Économie
Washington accorde 100 M$ à Africell pour concurrencer Huawei en Afrique
Washington va octroyer un prêt de près de 100 millions de dollars à Africell, seule entreprise de télécommunications détenue par des Américains en Afrique, afin de développer des réseaux mobiles avec des technologies américaines et alliées, dans un cadre visant à contrer la présence dominante de Huawei sur le continent.

Dans le cadre d’une intensification de la rivalité technologique entre les États-Unis et la Chine sur le sol africain, Washington prévoit d’accorder un financement d’environ 100 millions de dollars à une société de télécommunications. Ce soutien vise à permettre à l’entreprise de déployer des infrastructures réseau fondées sur des technologies américaines et issues de pays alliés.
Cette initiative s’inscrit dans une stratégie explicite de contrepoids au poids croissant de Huawei sur le marché des télécommunications africain. Selon une source informée et une version préliminaire d’un communiqué de presse consultée par Reuters, l’administration de l’ancien président américain Donald Trump envisageait d’octroyer ce prêt à Africell, présentée comme la seule société de télécoms en Afrique entièrement détenue par des ressortissants américains.
Le prêt, émanant de la Banque américaine d’exportation et d’importation (Exim Bank), devrait selon la version préliminaire du communiqué « permettre à Africell d’investir dans les dernières technologies de réseaux mobiles fournies par des fournisseurs américains et des partenaires alliés ».
Ziad Al-Dulul, directeur général d’Africell Holding Limited, a déclaré dans ce même communiqué : « Nous sommes ravis de collaborer avec Exim Bank afin de fournir davantage d’infrastructures de télécommunications fiables et sécurisées dans les marchés où nous opérons. »

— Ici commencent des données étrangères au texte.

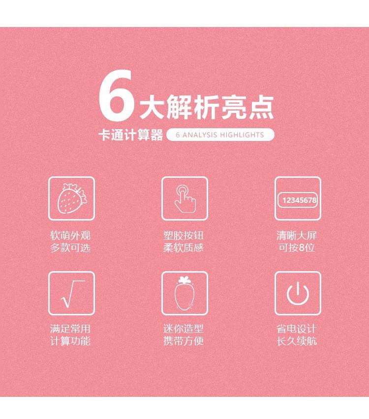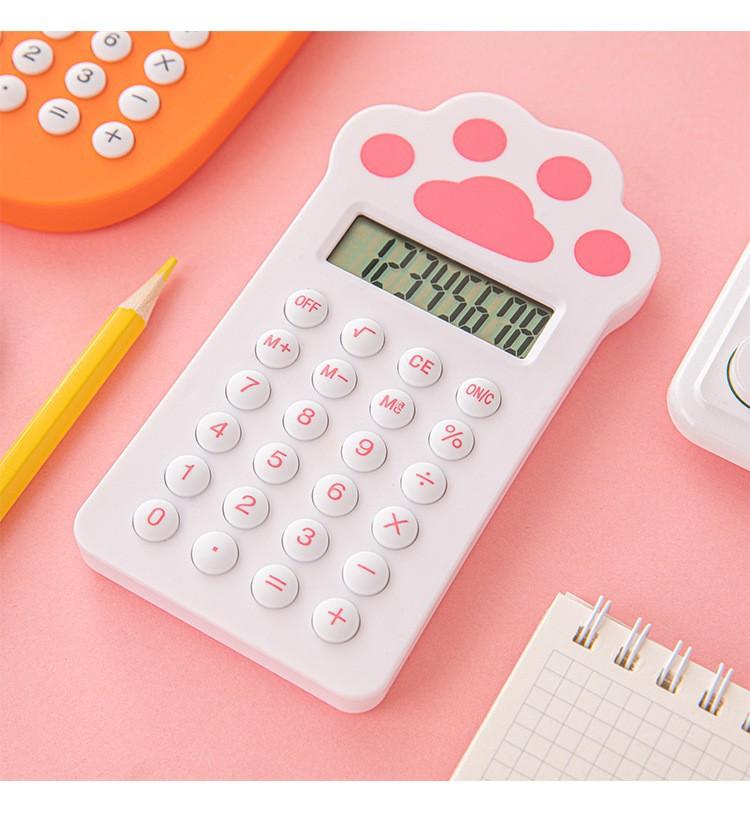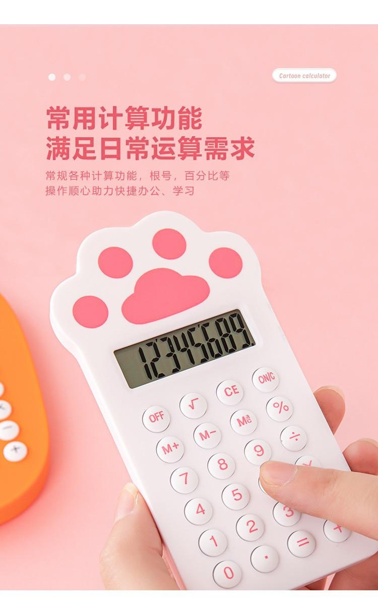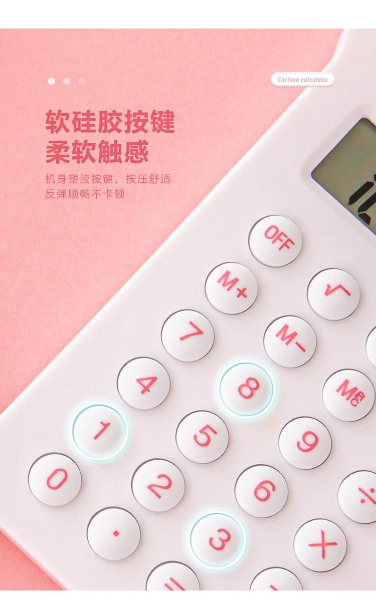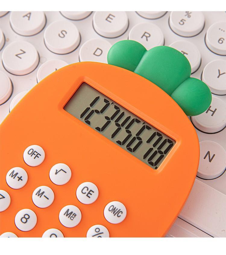 Mini calculadora creativa de dibujos animados con diseño de gato, rábano, fresa y papelería para estudiantes

À ce jour, ni Huawei ni l’ambassade de Chine n’ont répondu aux demandes de commentaires formulées à leur sujet.
Ce prêt, jusqu’ici non rendu public, s’inscrit dans une campagne plus large menée par les États-Unis pour promouvoir, à l’étranger, des équipements de télécommunications alternatifs à ceux de Huawei.
Comme le rapporte le site internazionale, l’administration Trump avait lancé dès son premier mandat l’initiative « Clean Network » (réseau propre), destinée à exclure les technologies, applications et opérateurs chinois de l’infrastructure numérique aux États-Unis et chez ses alliés. Des actions similaires ont été poursuivies durant son second mandat.
Les États-Unis ont imposé des sanctions sévères à Huawei, invoquant des risques potentiels d’espionnage à l’encontre des utilisateurs. La société chinoise rejette catégoriquement ces allégations.
Selon les données de Counterpoint Research, Huawei détient environ 52 % de la part de marché de l’infrastructure des réseaux 5G en Afrique.
Le prêt à Africell s’inscrit également dans l’application d’un décret présidentnel signé par Donald Trump, qui oblige les agences fédérales américaines à favoriser l’usage de technologies nationales à l’international, notamment dans les domaines de l’intelligence artificielle, du stockage de données dans des centres de données, des services cloud et des technologies de réseaux.
Africell a été fondée en 2001. Son site internet indique qu’elle a acquis des technologies auprès d’entreprises telles qu’HP, Nokia, Dell et Oracle, entre autres, pour l’exploitation d’un nouveau centre de données en Angola.
La société dessert 15 millions de clients en Angola, en Gambie, en République démocratique du Congo et en Sierra Leone.
À la suite d’une visite effectuée en 2022 dans les bureaux d’Africell en Angola, Wendy Sherman, alors sous-secrétaire d’État américaine sous l’administration du président Joe Biden, avait affirmé que les pays optant pour Huawei « renoncent de fait à leur souveraineté et remettent leurs données à un autre État ».
En 2018, Africell avait déjà obtenu un prêt de 100 millions de dollars de la part de la société d’investissement privé à l’étranger des États-Unis, aujourd’hui rebaptisée Agence américaine de financement du développement international.